4 Controversial Documentary Series Premiering in 2017


1. American Playboy: The Hugh Hefner Story

The 13-episode “American Playboy: The Hugh Hefner Story” will debut on Amazon Prime Video in the United States, United Kingdom, Germany, Austria and Japan in 2017. The film combines 17,000-plus hours of archival footage, Hefner’s collection of more than 2,600 scrapbooks and “never-before-told” stories from first-person interviews.

In addition to being the founder of the Playboy empire, Hefner was a lifelong champion of civil rights. 

“I felt from a very early age that there were things in society that were wrong, and that I might play some small part in changing them,” Hefner said. He turned 90 this year. 

2. Time: The Kalief Browder Story

"Time: The Kalief Browder Story" chronicles the tragic life of a young man who spent three years in Rikers Island Correctional Center, despite never being convicted. The six-part documentary airs on Spike beginning March 1 at 10pm  EST and was produced by Jay Z and Harvey Weinstein.

"We're the voice,"Jay-Z said about the series in a press conference in October. "We're society. We effect change. We can change everything.... Our voices are stronger than ever. If everyone in this room is like, 'I don't agree with this happening to a 16-year-old,' then it won't happen again. It's that simple."

3. The Vietnam War

Legendary documentary filmmaker Ken Burns retells the story of the Vietnam War in a 360-degree narrative accompanied by testimonials of nearly 100 witnesses.

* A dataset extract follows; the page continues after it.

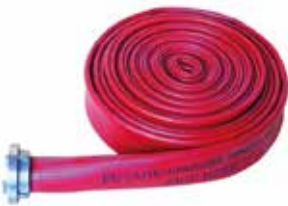
2" Kauçuk Hortum

"There was no way we could avoid telling this story. Wars are so extraordinarily revealing. Obviously the worst of humanity, but as it turns out, the best of humanity," Burns said. "This film is not an answer, but a set of questions about what happened," he added. 

"The Vietnam War" airs in September 2017.

4. The Fate We Make

"The Fate We Make" began when director John Filson joined the Filmmaker Fellowship program at Docs in Progress in Silver Spring, Maryland. The six-part series follows an Iraqi refugee family during their first year of resettlement in America.

"I first met this family in 2007 when I was working in northern Iraq as a relief worker for Mennonite Central Committee," Filson said in a director's statement. "And when I learned a few years later that they would be resettled to Silver Spring, Maryland, not far from where I live, I was thrilled."